Requirements for the optimizer to use a filtered index:

  • The query WHERE clause must include the filter predicate (or a logically stronger version of it)
  • For parameterized queries, this often means OPTION (RECOMPILE) is needed — the optimizer cannot guarantee WHERE Status = @status always equals 'Pending' at compile time unless the value is embedded
  • Filter predicate must be a simple comparison, IS NULL, or IS NOT NULL — no functions

SARGability and Composite Key Ordering

A predicate is SARGable when the optimizer can use an index seek. Anything that wraps the column in a function, expression, or implicit conversion kills seeks.

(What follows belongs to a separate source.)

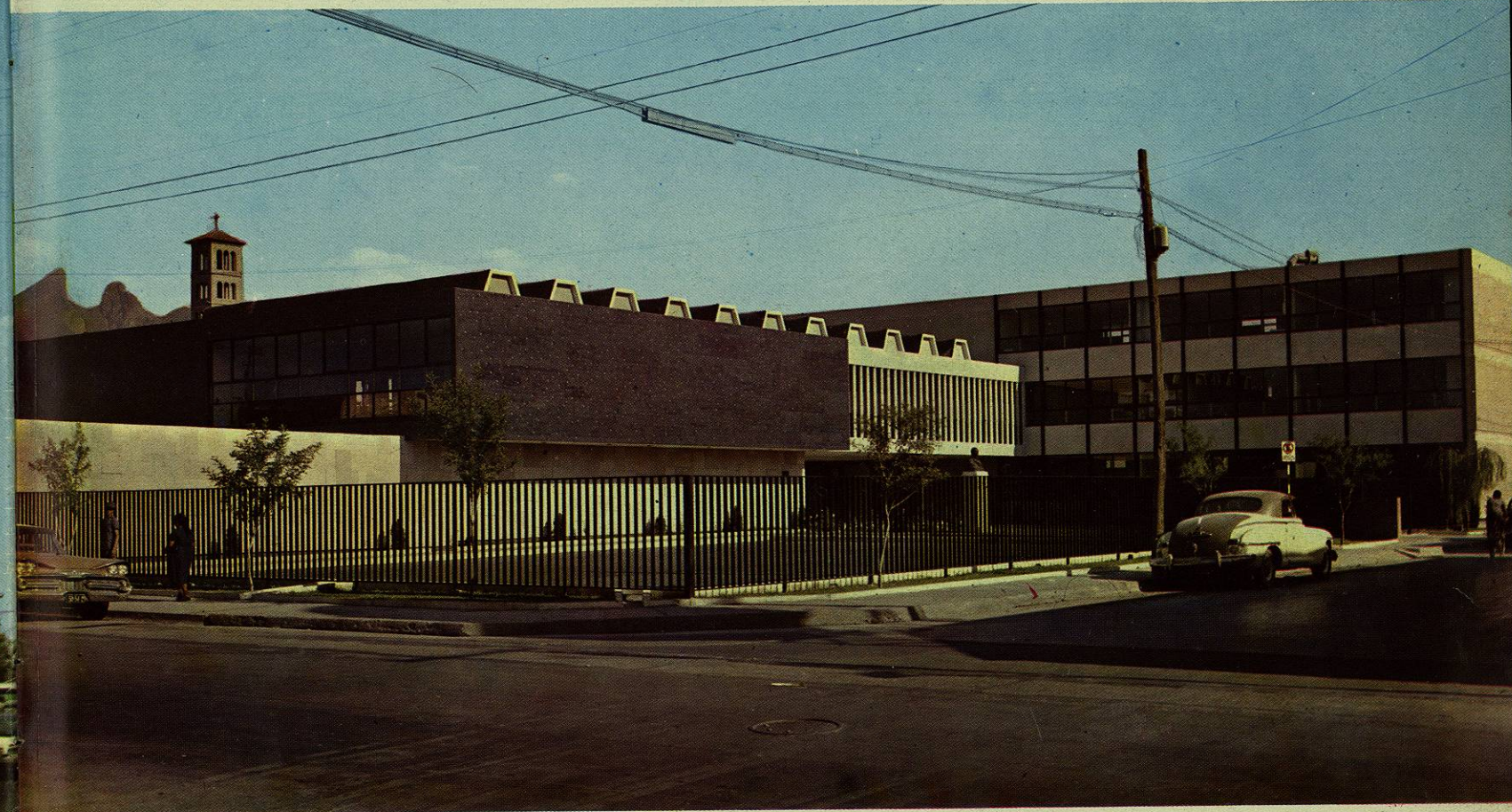
Escuela Industrial Femenil "Pablo Livas".—La mujer encuentra en este centro las enseñanzas necesarias para desempeñar oficios y actividades que la hacen más útil al hogar y a la sociedad.

-- NOT SARGable — full scan even with an index on OrderDate
WHERE YEAR(OrderDate) = 2025
WHERE DATEDIFF(day, OrderDate, GETDATE()) < 30
WHERE CAST(CustomerID AS VARCHAR) = '42'

-- SARGable equivalents
WHERE OrderDate >= '2025-01-01' AND OrderDate < '2026-01-01'
WHERE OrderDate > DATEADD(day, -30, GETDATE())
WHERE CustomerID = 42

Composite key ordering rule: equality predicates come first, range predicates last, ORDER BY columns after equality predicates (for free sorting).

-- Query: WHERE CustomerID = @cid AND Status = @status AND OrderDate > @since
-- CustomerID = equality, Status = equality, OrderDate = range
-- Optimal key: (CustomerID, Status, OrderDate)
CREATE NONCLUSTERED INDEX IX_Orders_Customer_Status_Date
    ON dbo.Orders (CustomerID, Status, OrderDate)
    INCLUDE (TotalAmt);

A range column in the middle of a composite key blocks seeks on all subsequent columns. Place equality columns before ranges.


Over-Indexing

Every nonclustered index is maintained on every INSERT, on every UPDATE touching its key or INCLUDE columns, and on every DELETE. The write penalty compounds.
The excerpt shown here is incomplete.